Jan. 20: A Seattle federal judge has turned down efforts by both accused Nazi war criminal Peter Egner and U.S. prosecutors for a quick resolution--a summary judgment--of the charges against Egner, and both sides have begun moving toward a trial, likely a historic one, set to begin February 22.
The government intends to prove that the 88-year-old Bellevue man helped escort Jews into mobile gas chambers en route to mass burials in Serbia in 1940, although Egner has already asked the court to bar virtually all the government's witnesses, prosecutors say.
Among those Egner wants to exclude is Dr. Peter Black, a senior historian at the Holocaust Memorial Museum in Washington, D.C. Egner thinks his own expert's historical version of the Holocaust will suffice, and says Black's testimony would be "duplicative." Prosecutors say any belief that experts totally agree on Holocaust history is "baseless."

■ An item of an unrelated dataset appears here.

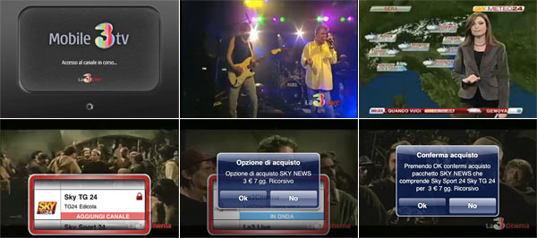 I canali gratuiti che si possono seguire via rete 3G (non via Wi-Fi) sono: La3, La3 Live, La3 Cinema, Mediaset (il meglio da Canale 5, Italia 1 e Rete 4), Boing e Sky Meteo24. A pagamento settimanale da 3 euro sono disponibili: Sky News (Sky TG24 e Sky Sport24), Sky Tempo Libero (Sky Uno Mobile, Fx Mobile e Fox One) e Cartoon Network. A pagamento giornaliero da 4 euro sono disponibili le partite di Serie A (Inter, Juventus, Milan, Roma e Lazio) e Champions League. Ci sarebbe anche il canale MotoGP al costo di 4 euro per 3 giorni ma attualmente la stagione 2009 è conclusa.

Egner has denied any direct role in the mass murder of more than 17,000 Serbian Jews, Gypsies, and political dissidents by the Nazis' Security Police and Security Service (SPSS) during Egner's service from 1941 to 1943.

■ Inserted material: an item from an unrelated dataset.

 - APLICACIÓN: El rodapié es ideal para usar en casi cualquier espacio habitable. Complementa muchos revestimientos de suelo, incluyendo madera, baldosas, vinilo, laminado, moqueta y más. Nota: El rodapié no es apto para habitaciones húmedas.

The SPSS at times operated a mobile death unit called the Einsatzgruppen, and more than 6,200 of the SPSS's victims from Belgrade's Semlin concentration camp died after being herded into the unit's vans--asphyxiated by piped-in exhaust as they took a funeral ride through Belgrade's streets. They were then interred in mass burial pits at the foot of Avala Mountain, southeast of Belgrade.
The government is attempting to denaturalize Egner and send him back to Serbia for a war-crimes trial. Egner immigrated to the U.S. in 1960 and applied for citizenship five years later--lying, the government says, on his application. Egner and his wife settled near Portland,where he worked as a hotel food-service worker, then sold real estate. After his wife Gerda died in 2005, he moved to Bellevue to be near relatives.
Egner has tried to keep a low profile at his Bellevue apartment since news of the charges broke. "I try to stay out of public as much as possible," he says. "Unless it is necessary, I do not leave the retirement community in which I live." Most fellow residents "treat me kindly, but there are some who ignore me altogether."